Swyer-James syndrome (SJS), also called Swyer-James-MacLeod syndrome (SJMS), is a rare manifestation of postinfectious bronchiolitis associated with adenovirus types 3, 7, and 21; paramyxovirus; morbillivirus; Bordetella pertussis; Mycoplasma pneumoniae; Mycobacterium tuberculosis; and influenza A.
The infectious agents result in an inflammatory response, which causes obliteration of peripheral airways in the infected lung. This inflamation causes obliteration of the vascularity of the lung and impeded lung development. In the long term, destruction of the alveoli and emphysema may occur.
In SJS, because the involved lung or portion of the lung does not grow normally, it is slightly smaller than the opposite lung. The characteristic radiographic appearance is that of pulmonary hyperlucency, caused by overdistention of the alveoli in conjunction with diminished arterial flow.
(See the images below.)
Anteroposterior chest radiograph of a 12-month-old patient indicates diffuse pneumonia that is clearing on the right.
Radiograph of the same infant shown in the previous image, now 20 months of age. The pneumonia has cleared. The left lung is hyperlucent and is overexpanded. The right lung is small. The patient was asymptomatic at this time.
SJS is late sequela of bronchiolitis that typically occurs during infancy or early childhood, and affected individuals may be asymptomatic, but more commonly, they have recurrent pulmonary infections and common respiratory symptoms. Adult manifestations of SJS include bronchiectasis, chest pain, wheezing, recurrent bronchitis, hemoptysis, recurrent pneumonia, and bronchial hyperresponsiveness. Given that the initial infection occurs early in life, the diagnosis often is not made until these later symptoms appear.

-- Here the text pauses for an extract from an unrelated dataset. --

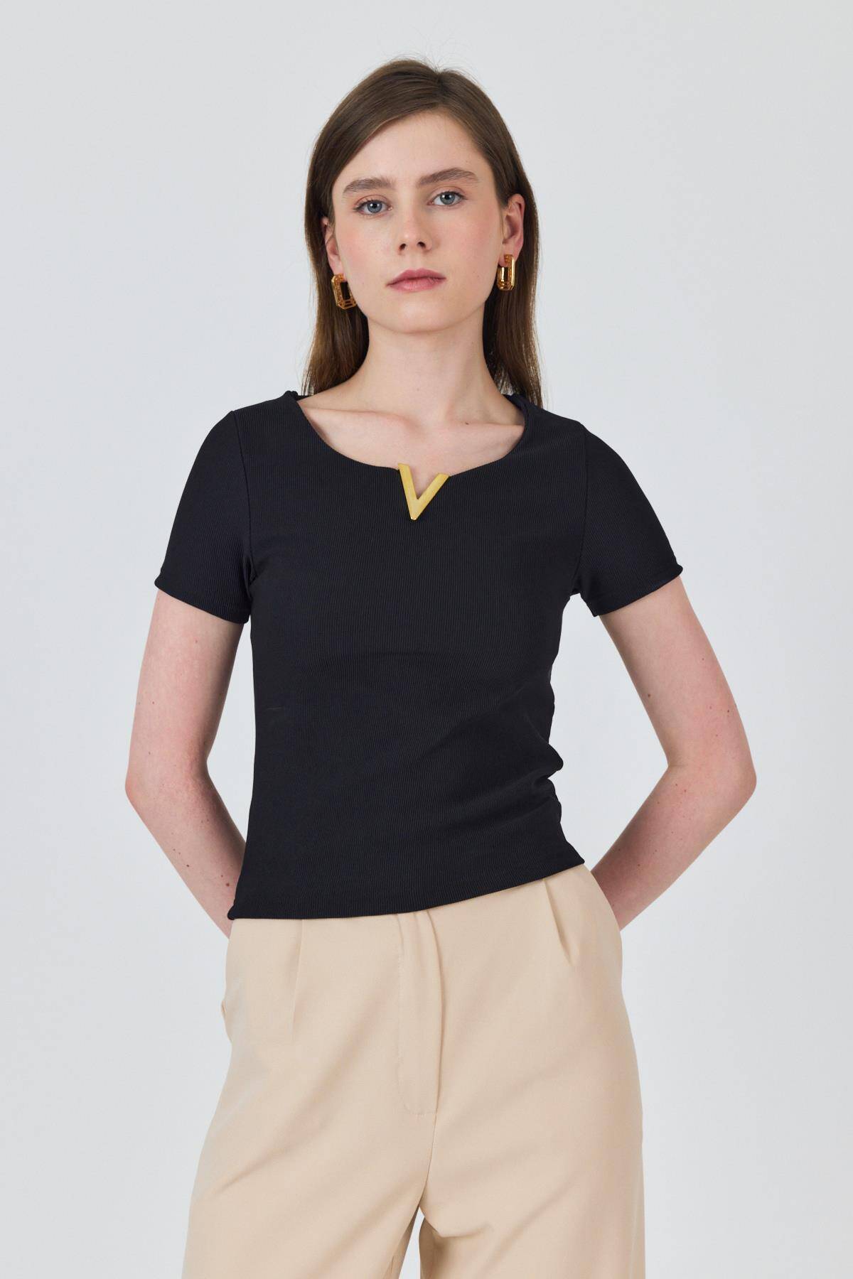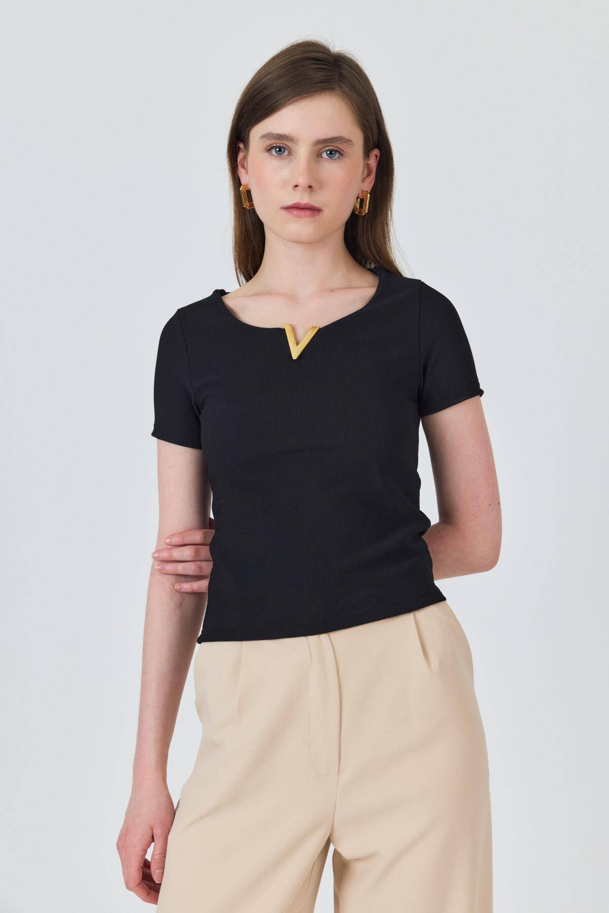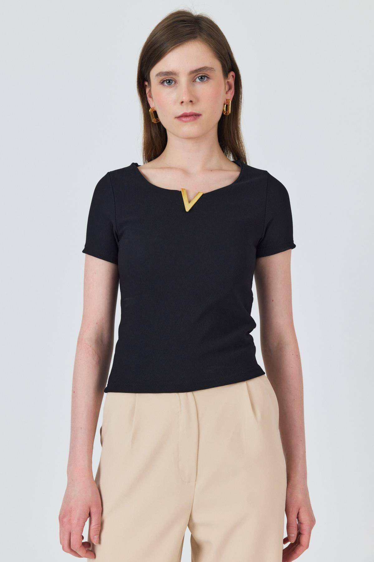 Siyah Yaka Aksesuar Detaylı Örme Tişört 2224

Diagnosis is made following radiographic evidence of the classic SJS triad: a unilateral hyperlucent lung, diffusely decreased ventilation, and matching decreased perfusion in the affected lung.

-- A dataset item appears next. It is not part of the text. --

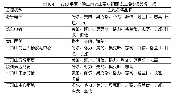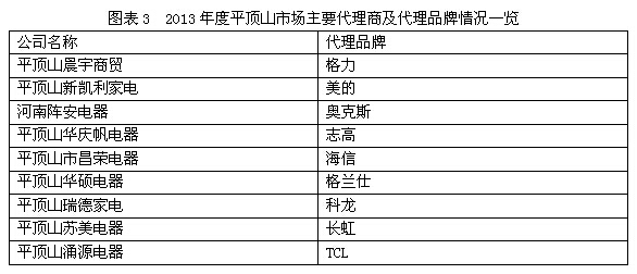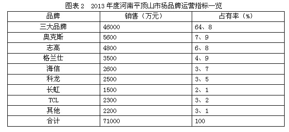 海信由平顶山市昌荣电器来代理,科龙由平顶山瑞德家电来代理,长虹由平顶山苏美电器来代理,TCL由平顶山涌源电器来代理,本年度在平顶山市场也有着不错的表现(图表2、3)。
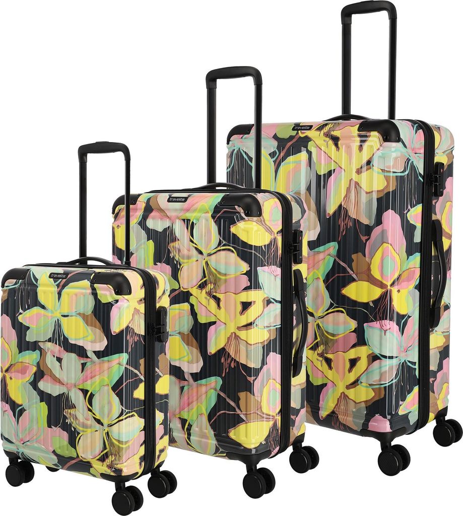 Travelite CRUISE Kofferset mit 4 Rollen Gr. L/M/S - Gelbe Orchidee

The diagnosis of SJS requires the exclusion of many other causes of unilateral hyperlucent lung on chest radiography, including ventilatory abnormalities such as congenital lobar emphysema, bullous emphysema, bronchiectasis with air trapping, emphysema secondary to bronchial stenosis or bronchospasm, and obliterative bronchiolitis, as well as pulmonary artery defects such as congenital pulmonary artery agenesis/hypoplasia, acquired stenosis or compression of the main pulmonary vessels, and pulmonary embolism. None of these ventilatory abnormalities would produce the diffuse, peripheral ventilatory defects on the single breath image and present unilateral lung hypoplasia that the Swyer-James syndrome does. In pulmonary artery defects and pulmonary embolism, there is no air‐trapping on radiologic or ventilation–perfusion lung images.

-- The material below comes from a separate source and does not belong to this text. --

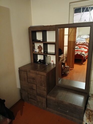 - Tualet masası/güzgülü komod – çoxsaylı çekmecələr və açıq rəf bölmələri ilə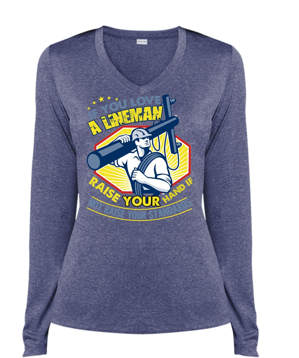 You Love A Lineman T Shirt, Your Hand T Shirt, Cool Shirt (Ladies LS Heather V-Neck)

SJS can be easily misdiagnosed as asthma and should be considered in patients who do not respond to conventional therapy.
Misdiagnosis of SJS as a pulmonary embolism can result in unnecessary treatments and tube placement.
Diagnosis is made radiographically by x-ray and CT scan and is an incidental finding in some cases.
On CT scan, the affected lung displays small size and decreased vascularity, hyperexpansion and hyperlucency, and, rarely, bronchiectasis. For patients with Swyer-James syndrome, chest CT scanning with thin collimation sections on inspiration and expiration is the preferred examination.
The appearance of the lungs on forced expiration is important in the assessment of SJS with CT scanning; therefore, the patient’s cooperation is essential. The patient should be placed in the prone position to help identify the typical mosaic pattern of the syndrome. Small regions of hyperlucency representing air trapping are reported in some patients. Adenovirus infection is considered the most usual cause.
Pulmonary angiography is not essential for the diagnosis of SJS, although it can reveal hypoplasia and diminished size of the affected pulmonary artery. Pulmonary angiography, however, has its limitations, as it cannot discern congenital from acquired etiologies of hypoplastic pulmonary vasculature.